MTT assay: The cytotoxic activity of isolated C-glycosyl flavone [2, 4, 8, 16, 32, 64 and 128 μg/ml (MNTC)] against MCF-7, HT-29 and Hep-G2 cells (1×104) was determined using MTT assay. 5-fluorouracil (5-FU) and tamoxifen were used as positive controls. The concentration required to reduce 50 per cent viability (IC50) was calculated by regression analysis16.

Cell cycle analysis: Cells in 6-well plate (1×106 cells/well) were treated with C-glycosyl flavone at an approximate growth inhibition concentration-50 (25 μg/ml) for 48 h and the cell cycle was analyzed by Flow Cytometry (BD Accuri C6, USA)17.

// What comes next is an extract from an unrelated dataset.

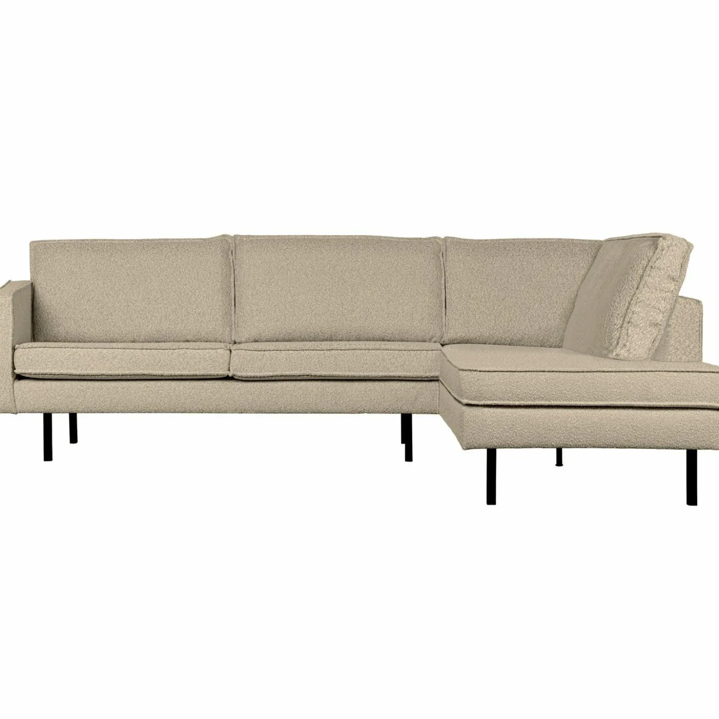 Stap binnen in de wereld van comfort en stijl met de Rodeo hoekbank rechts bouclé beige. Deze bank is niet zomaar een meubelstuk; het is een uitnodiging om te ontspannen en te genieten van je eigen thuis. Met zijn eigentijdse en chique design, geïnspireerd door de jaren ’50, brengt deze bank een vleugje nostalgie in een modern jasje.

Computation of docking scores using PatchDock: The crystal structures of CDKs were retrieved from the Protein Data Bank (http://www.rcsb.org/pdb/home/home.do). The IDs were as follows: 4CFM, 1HCK, 2WIH, 2W99, 1H4L and 4AUA. The two-dimensional (2D) structure of isolated C-glycosyl flavone was designed and converted to 3D structure using ACD-ChemSketch Software (ACD/ChemSketch, Version 12, Advanced Chemistry Development, Inc., Toronto, ON, Canada, www.acdlabs.com, 2015). The Lipinski's property of C-glycosyl flavone was computed18. The 3D structure of CDK1, CDK2, CDK3, CDK4, CDK5 and CDK6 and C-glycosyl flavone was submitted to PatchDock Server (http://bioinfo3d.cs.tau.ac.il/PatchDock) and the results were evaluated for active site interactions by UCSF-Chimera Software19.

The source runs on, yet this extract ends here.